1)By "reverse" MVT I mean: eg. in d=1, for any $x\in \mathbb{R}$ there exists $a,b$ containing x s.t. for $f\in C^{1}$ we have $f'(x)=\frac{f(b)-f(a)}{b-a}$.
This fails for all functions that cross the real line eg. $f(x)=x^{3}$ fails at $x=0$. However, I think if the function is also convex and strictly positive, or convace and strictly negative, it works. Can we weaken it to locally convex?
2)How about some general formula connecting derivative with it's antiderivative i.e. for any $x\in \mathbb{R}$ there exists $a,b$ s.t. for $f\in C^{1}$ we have $f'(x)=G(f(a),f(b),r_{i})$, where $r_{i}\in \mathbb{R}$ are real numbers.
Thanks
For a locally convex function f, for any $x\in dom(f)$ there exists $(a,b)$ s.t. the tangent line at x lies below the graph of f(a,b).

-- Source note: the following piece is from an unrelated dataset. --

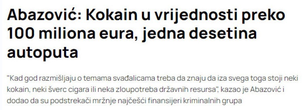Abazović je sljedbenike dopingovao s informacijom o zaplijeni, ispostaviće se, 1.206 kg kokaina u Zeti:

Wlog $f(a)<f(b)$ and let $\theta=$slope of line connecting $f(a),f(b)$ and $\phi=$slope of the tangent line.
If $\theta>\phi$,we can lift the line vertically (preserving the slope), to a line that intersects the graphe at $\frac{f(x)+f(a)}{2}$. Because of the slope inequality, the new line will intersect the graph of f at two points: $f(c):=\frac{f(x)+f(a)}{2}$ and some other point f(d) below f(b).
Similarly, if $\theta<\phi$,we can lift the line vertically (preserving the slope), to a line that intersects at $\frac{f(x)+f(b)}{2}$.
Thus, $f'(x)$ can be expressed as $\frac{f(c)-f(d)}{c-d}$.